Real pearls of wisdom here. Plus unlike you, for me there will not be a next time.


Of course. It will NEVER happen to you
Anonymous
Anonymous wrote:
Anonymous wrote:DH pays regular child support, $500 per kid per month for three kids. The rest of the year she nickel and dimes us for every expense. If DH won't pay half she says "well you can't do x,y,or z bc your dad won't pay." He pays half for all of the expenses for the expensive club sports during the school year, but when he asks her to pay for half their sports camps when we have them on the summer she refuses. She sent the kids up in the summer fresh after a lice infestation and didn't tell us until DSD was itching her scalp uncontrollably and I called her to ask why. She won't pay anything for the lice treatment. She also sent DSD to us with a fungal infection under her arm untreated, bc she doesn't wash their swimsuits regularly. When I called her to get the docs number to get a referral she said to just go to CVS minute clinic and that it was covered. Well it wasn't, and now that the $50 tab was mailed to her houseshe is hounding DH to pay it. She never pays DH back for her half of the plane tix for the kids either. She just says she can't afford it even though her take home pay is now more than his. She is just so cheap and manipulative and uses the kids to extort money from us. I just hate it.


Sigh. It would be really great if women could, for once, put them in the shoes of the other woman, the ex. I'm sure your husband's ex, no matter how much he would like to make things appear that way, is not an evil troll hell-bent on bringing your husband down. Raising a kid is fucking EXPENSIVE. She has EVERY right to ask your husband for half of expenses. if she has primary custody, you can bet your ass her expenses are more than $500 a month. Maybe she didnt notice the lice- you have no way of knowing for sure that she did. I think often with divorces it becomes less about the real issue of whether something is expensive or not and more about "the principle of the thing"- aka, I want to win and I want my partner to absolutely come out the loser. I worked in family law and the stuff we would see was laughable. People would go into getting a divorce, fully expecting to get full custody (with no visitation from their ex), ALL of the assets, and for it to cost them no money. Please... it's so unrealistic that it's mind boggling. That's not how divorce works. Your husband CHOSE to have children with this woman and in doing so he had to know (unless he's a damn fool) that he was linking himself to her for life, or for the rest of his children's lives, legally and financially, if not emotionally as well. I really can't stand cry-baby people who earn more than their ex and then bitch and moan about having to pay them support. If you didnt expect that, you shouldn't have gotten married, plain and simple.

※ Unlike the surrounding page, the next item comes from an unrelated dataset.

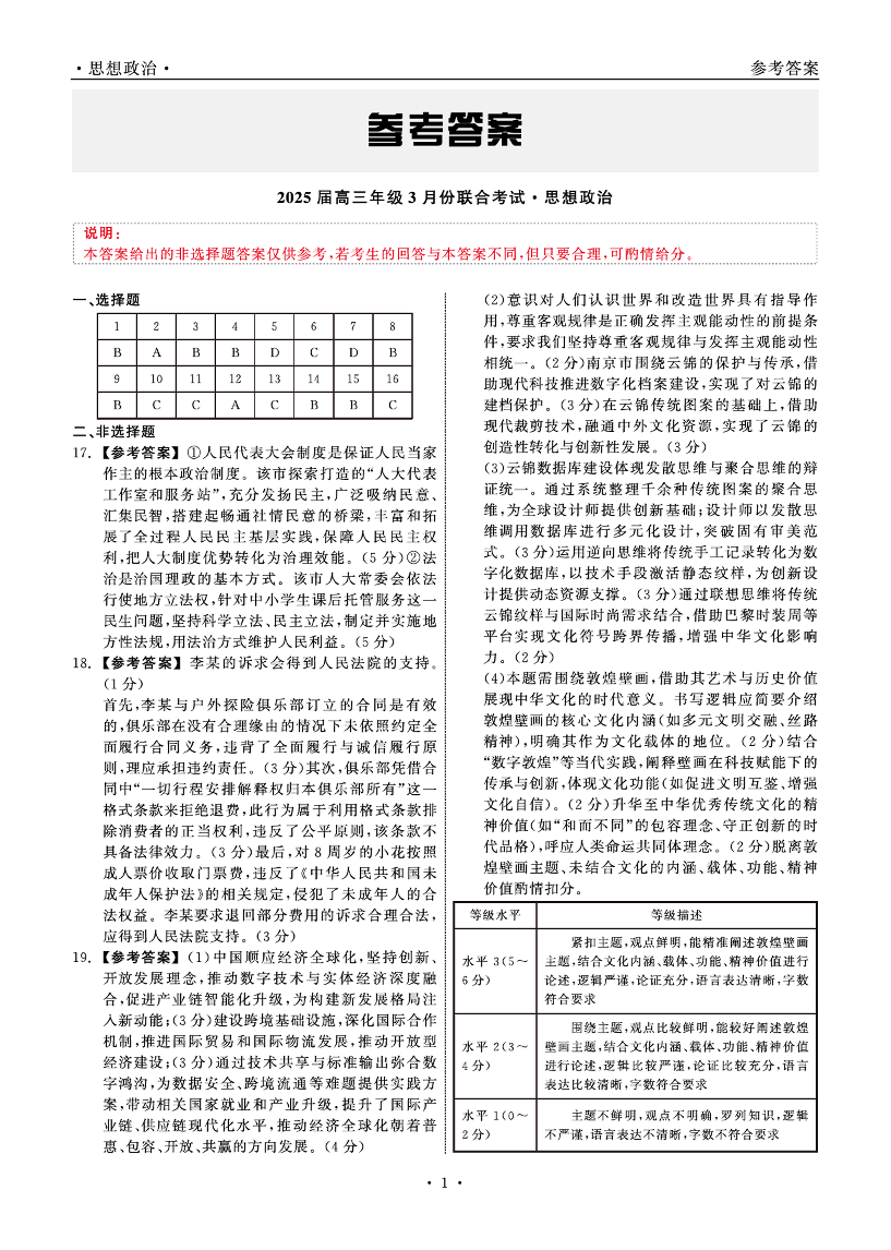 辽宁省点石联考2025届高三下学期3月联合考试政治答案

And before you throw this woman under the bus for sticking up for herself and the financial needs of her children, maybe you should consider that, since half of all marriages end in divorce, that might be you someday. And imagine how it would feel to have to call up your annoying ex and see him whine about every measly cent he gives you. And how incredibly emotionally draining that would be. You should be the one telling your husband to be kind and mature to her, and I'm guessing the relationship dynamic you two have with his ex would improve vastly, and so would the lives of the children.


Just like OP will be doing when he moves on to wife #3.
Anonymous
You can tell there are some money hungry ex bitches on here lol.
Anonymous
Anonymous wrote:You can tell there are some money hungry ex bitches on here lol.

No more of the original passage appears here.